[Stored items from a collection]
------------------------------------

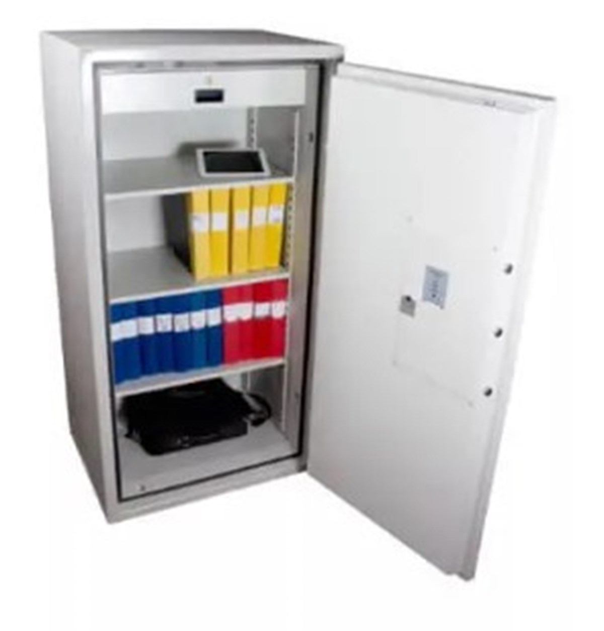 ES 400, 120P är brandsäkra dokumentskåp som skyddar papper vid brand. Skåpen är testade och godkända enligt NT Fire 017 i 120P papper. Skåpen är inredda med flyttbara hyllor för A4-pärmar samt en låsbar låda. Lådan kan lätt demonteras och då kan utrymmet nyttjas till pärmförvaring. Skåpen är som standard utrustade med elektroniskt kodlås med två utbytbara koder. Låset är borrskyddat med en sprängsäkring som låser regelverket vid inbrottsförsök. Brandklass: Brandsäkert i 120 min. Utv. mått mm: H: 1597 B: 834 D: 630 Inv. mått mm: H: 1438 B: 675 D: 463 Vikt 410kg
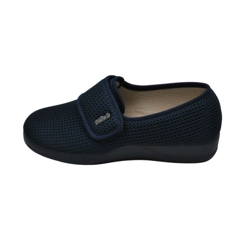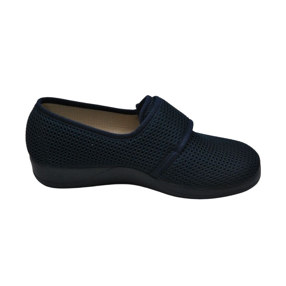 Pantuflas de casa cubiertas de ancho especial, con cuña de 4cm, de la marca DeValverde, cierre de velcro, de rejilla, con forro interior en textil y suela caucho natural (latex). Chinela Ideal para mantener tus pies frescos en verano. Zapatilla de casa para mujer, piso con grabado especial rugoso para evitar posibles deslizamientos. Fabricada con tejidos en microfibras y algodón que permiten una constante ventilación. Relleno de corcho natural para una total absorción de los posibles impactos. Respetuosos con la naturaleza. Utilizando materiales que cuidan al máximo posible el medio ambiente. Hecho en España.
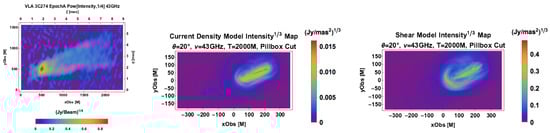 M87 VLA observation (left) at 43 GHz. The total intensity is monotonically transformed by for visual clarity. The beam dimensions are . Synthetic 43 GHz observations are shown for comparison using the current density (middle) and shear (right) models and transformed by .
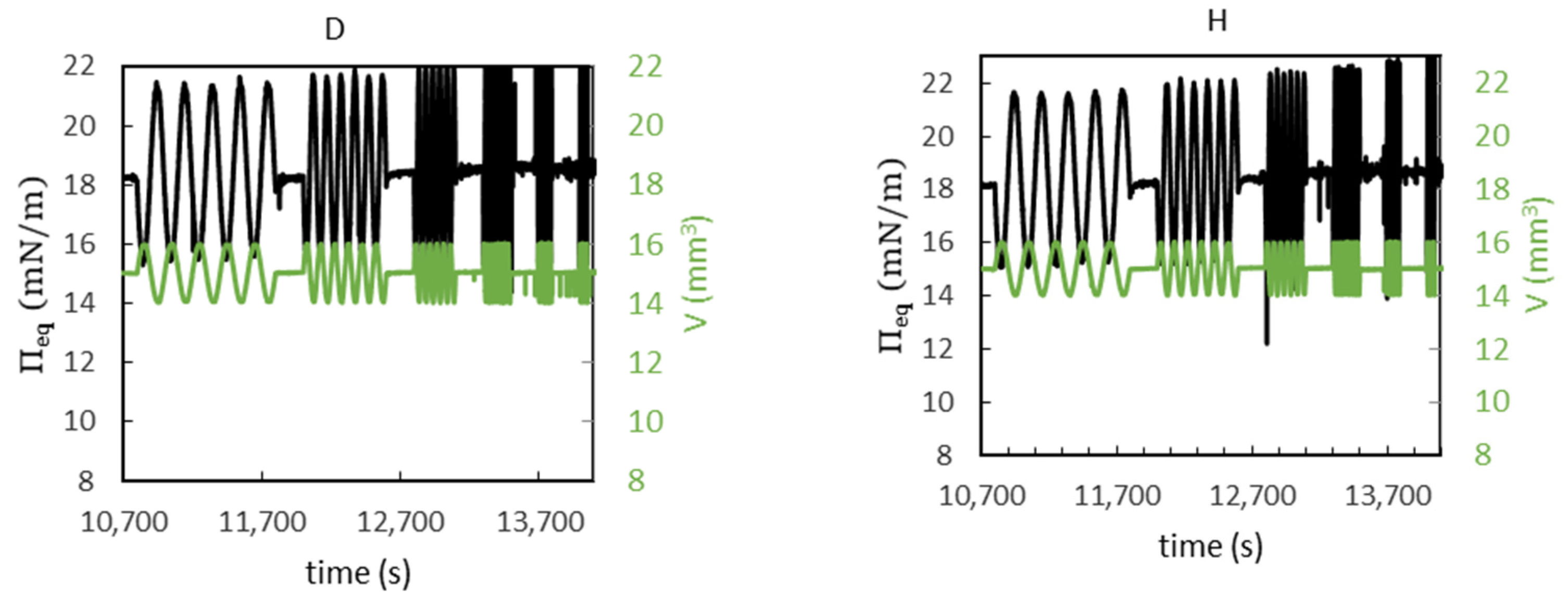 Figure 3A–H shows the surface pressure response to the sinusoidal volume changes (15 ± 1 μL) at six frequencies applied sequentially.
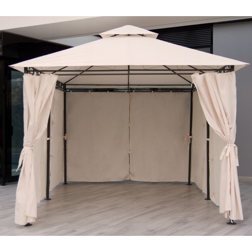 Это плотные шторы, предназначенные для беседки, они имеют бежевый цвет и отлично могут защитить от осадков, а также палящего солнца. В комплекте находится шесть штор, а высота составляет й,9 метра. Изготовлены эти плотные шторы из полиэстера, данная ткань отталкивает воду, а значит вы будете надёжно защищены от капель дождя. Они прикрепляются к каркасу при помощи специальных липучек, между собой они закрепляются на завязках, на них есть молнии. При возникновении вопросов вы всегда можете обратиться к нашим менеджерам, которые ответят на них. Для того, чтобы приобрести данную продукцию, вам просто нужно добавить в корзину необходимое количество позиций.
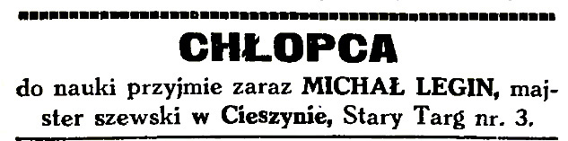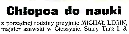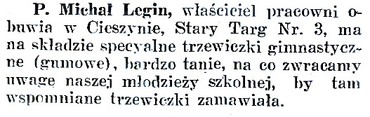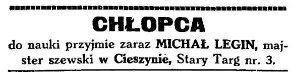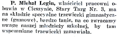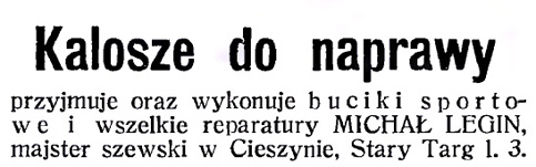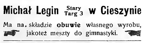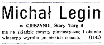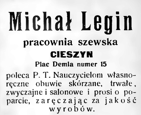 W 1904 działało w Cieszynie 67 szewców, zatem konkurencja była duża. Michał Legin wytwarzał i naprawiał obuwie męskie i damskie, meszty (półbuty do gimnastyki), a także buty nieprzemakalne (kalosze). Warsztat przenosił do kolejnych miejsc zamieszkania, ostatecznie od roku 1906 do kamienicy pod adresem Stary Targ 3.
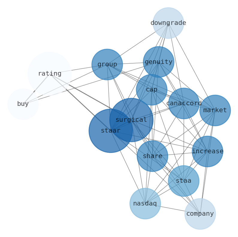 The game is changing. There is a new strategy to evaluate STAAR Surgical Company fundamental value, possible risks and most salient advantages. Investors have traditionally relied in reading large amounts of text to evaluate the fundamental value of a stock or company. However, the development of Artificial Intelligence (AI) tools is modifying the way investments are evaluated in markets. Today, machine learning, natural language processing and bigdata allow making this process automatic, reducing large amounts of text to the elements that have a higher activation in a neural network. We programmed an artificial intelligence that reads the whole internet and the uses natural language processing and vectorizers to summarize the information. Usually, the AI reads several hundred pages and summarize it to a short document. This document presents our results. We found that the most common words in the internet about STAAR Surgical Company are: Surgical, rating, STAAR, Company, Nasdaq, …
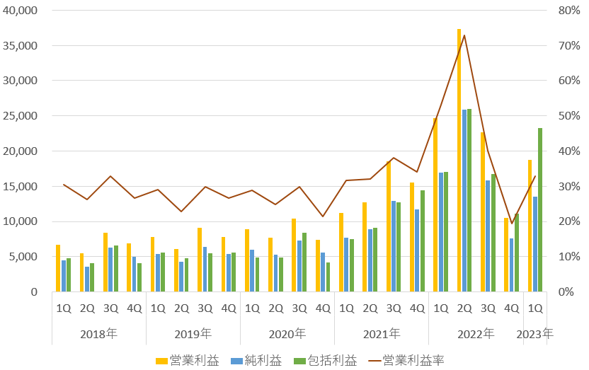 売上高、営業利益3ヵ月業績推移グラフです。
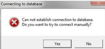 - Click on the “Yes” button and a new Database Server connection window will appear.
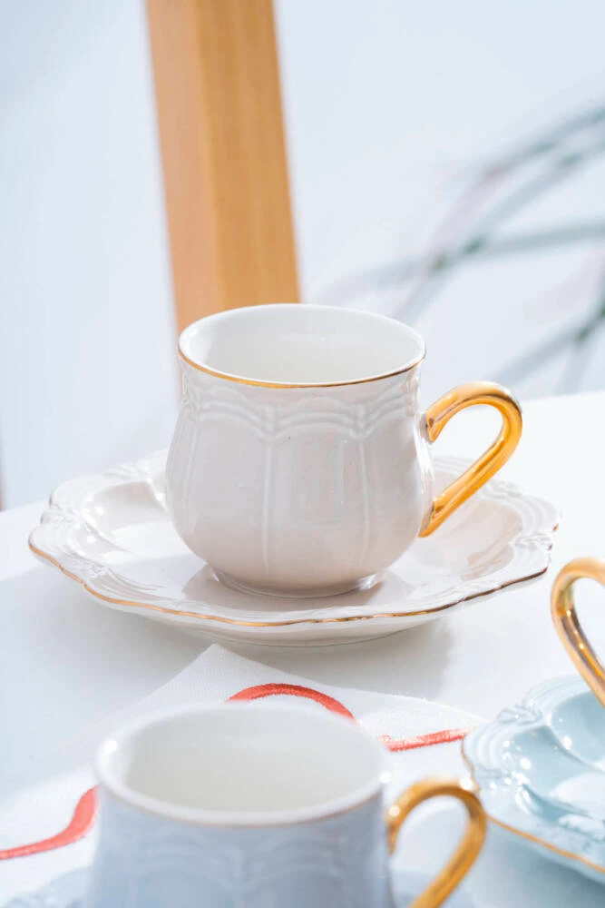 Σετ φλιτζανιών καφέ Attis 6 ατόμων, κατασκευασμένο από ποιοτική πορσελάνη. Περιλαμβάνει 6 φλιτζάνια καφέ χωρητικότητας 90 cc και 6 αντίστοιχα πιατάκια. Ιδανικό για καθημερινή χρήση αλλά και για προσεγμένο σερβίρισμα, προσφέροντας ανθεκτικότητα και διαχρονική αισθητική.
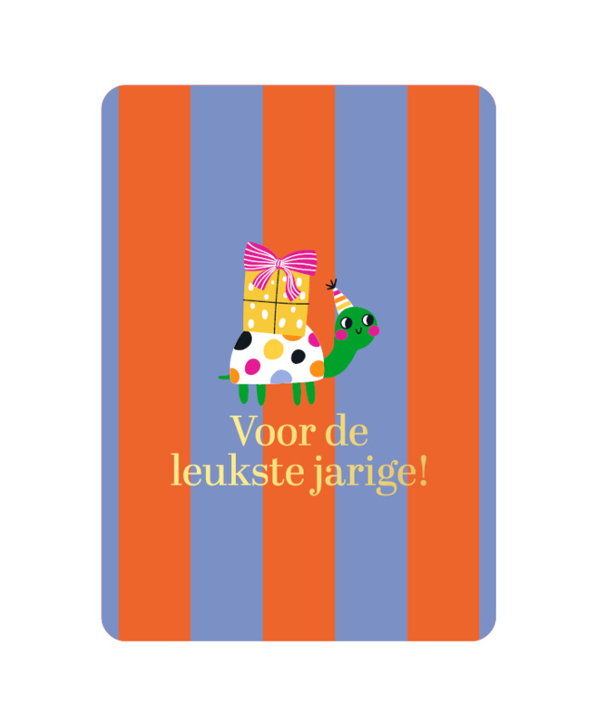 Wenskaart met gestreepte achtergrond, goudfolie accenten en de tekst “Voor de leukste jarige”. Op de kaart staat een schildpad met cadeautjes op zijn rug. Geschikt voor verjaardagen en om iemand op een leuke manier te…
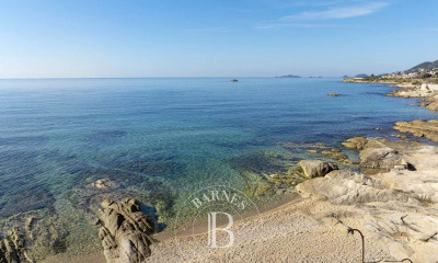 RV1689 - Portigliolo-Coti-Chiavari Située sur la très prisée presqu’île de Capu di Muru, au sud du golfe d’Ajaccio, cette propriété bénéficie d’un emplacement rare et recherché. Cette propriété de 2 villas propose une villa principale répartie sur 3 niveaux d'environ 338 m², avec plusieurs patios et terrasses couvertes. Elle dispose d’un salon et d’une salle à manger avec vue panoramique sur le golfe d'Ajaccio et les îles Sanguinaires, d’une cuisine séparée donnant sur sa terrasse, d’une buanderie, d’une bibliothèque et de 5 chambres en suite avec leurs salles d'eau. La villa du gardien d'environ 68 m² dispose d’un salon-séjour, d’une cuisine ouverte, de 2 chambres, et d’une salle d'eau. Le tout érigé sur un terrain d’environ 10 250 m², avec un jardin paysager d'essences locales, une piscine de 15 m x 10 m, et un double garage. Proche de la pointe de la Castagna, la station balnéaire de Coti-Chiavari non loin d’Ajaccio et de son aéroport international, offre un environnement calme et protégé. Honoraires à la charge du vendeur.
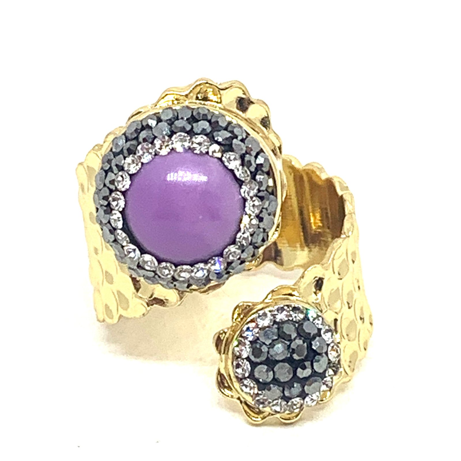 Anello con montatura regolabile, ornato da una pietra semi preziosa incastonata con piccoli strass e da un secondo cabochon strassato.
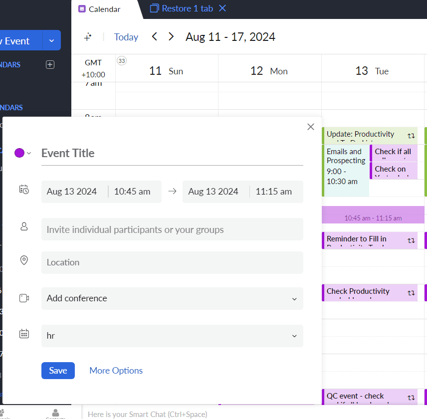 Once the interview is confirmed update your Zoho Calender by sending an invite to the candidate, follow the steps below on how to send the meeting invite:
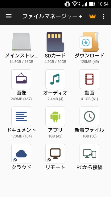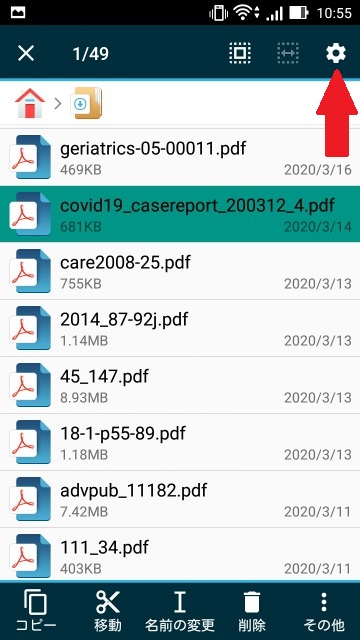 ファイルマネージャーを起動するとこのようなホーム画面が出てきますので、右上の『ダウンロード』アイコンをタップしてWEBページからダウンロードしたファイルを開きます。
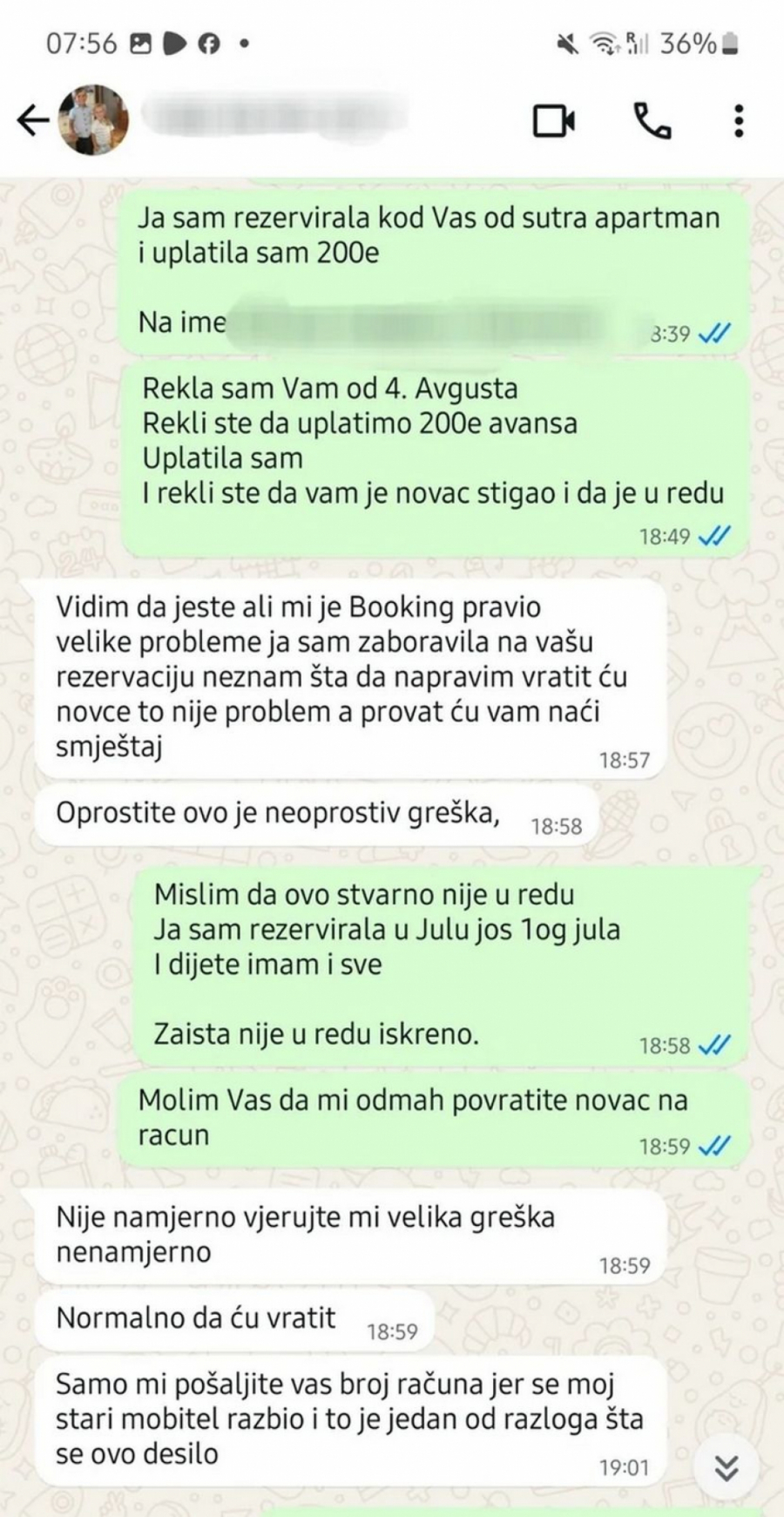 Komunikacija se nastavila gde je žena ponovila da je uredno rezervisala apartman pre mesec dana i da je avans uplatila isti dan.
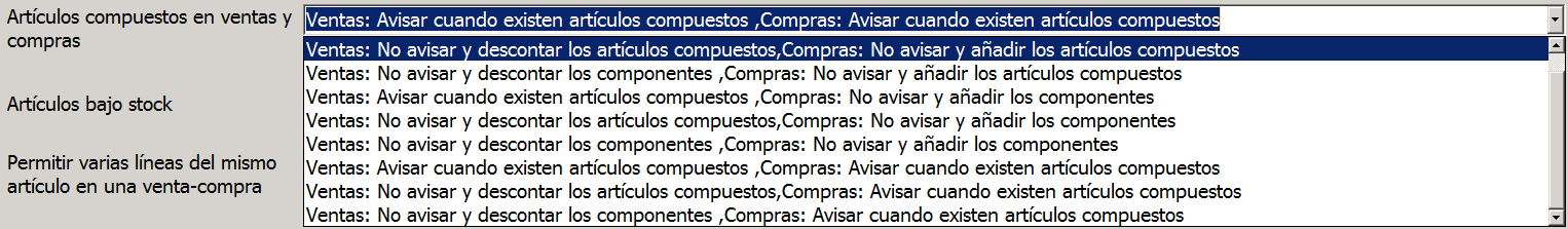 Si trabajas con artículos compuestos, bien porque te dedicas a la fabricación, bien porque vendes sets o packs de productos, deberás escoger qué quieres que haga el programa cuando vendes o compras un artículo compuesto.
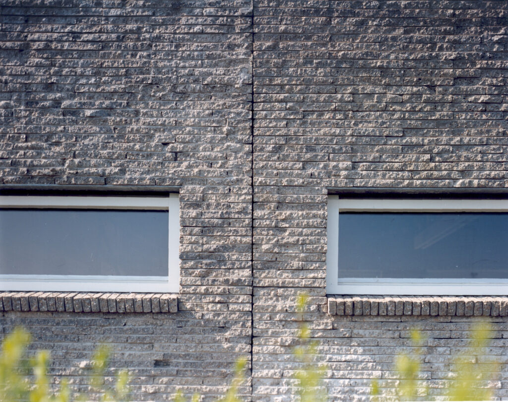 Het clubgebouw van Rugby Club Groningen op Sportpark Esserberg is ontworpen als een robuust, bijna fortachtig volume dat duidelijk aanwezig is in het open veld. Het rechthoekige gebouw van 24 bij 10 meter combineert een functionele indeling met een uitgesproken materiaalgebruik. De gevel is opgetrokken uit circa 10.000 hergebruikte betontegels, wat het gebouw een stoere, ruwe uitstraling geeft en aansluit bij de identiteit van de rugbyclub. De terugliggende plint en lage, brede gevelopeningen versterken dit beeld en geven het clubhuis een krachtige, bijna verdedigende uitstraling. [architectenweb.nl]
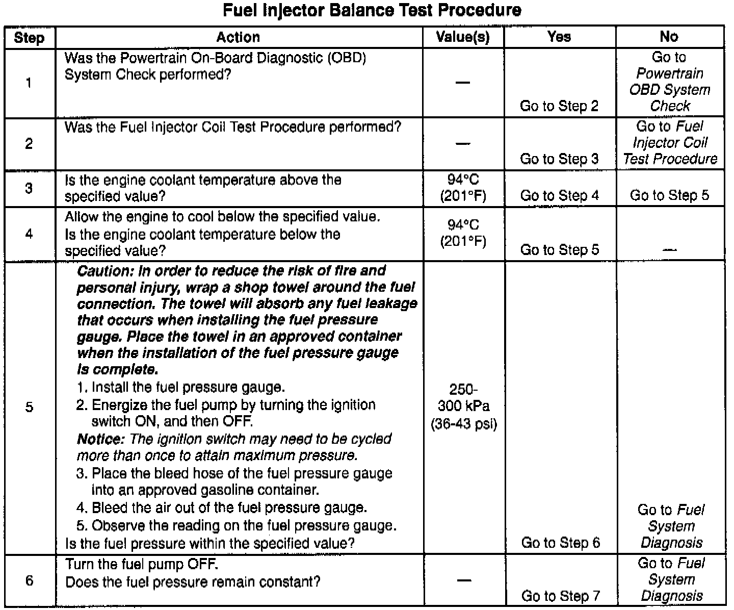 5. The fuel pressure should be within the specified range. If the fuel pressure is not within the specified range, go to Fuel System Diagnosis. Table A-7B Fuel System Diagnosis (Fuel Pressure Check)

------------------------------------

* [The task]:
Every line from the one containing "Het clubgebouw van" to the final line of the records must be transcribed exactly, both ends included, with the pictures left out.

* [Written answer]:
 Het clubgebouw van Rugby Club Groningen op Sportpark Esserberg is ontworpen als een robuust, bijna fortachtig volume dat duidelijk aanwezig is in het open veld. Het rechthoekige gebouw van 24 bij 10 meter combineert een functionele indeling met een uitgesproken materiaalgebruik. De gevel is opgetrokken uit circa 10.000 hergebruikte betontegels, wat het gebouw een stoere, ruwe uitstraling geeft en aansluit bij de identiteit van de rugbyclub. De terugliggende plint en lage, brede gevelopeningen versterken dit beeld en geven het clubhuis een krachtige, bijna verdedigende uitstraling. [architectenweb.nl]
 5. The fuel pressure should be within the specified range. If the fuel pressure is not within the specified range, go to Fuel System Diagnosis. Table A-7B Fuel System Diagnosis (Fuel Pressure Check)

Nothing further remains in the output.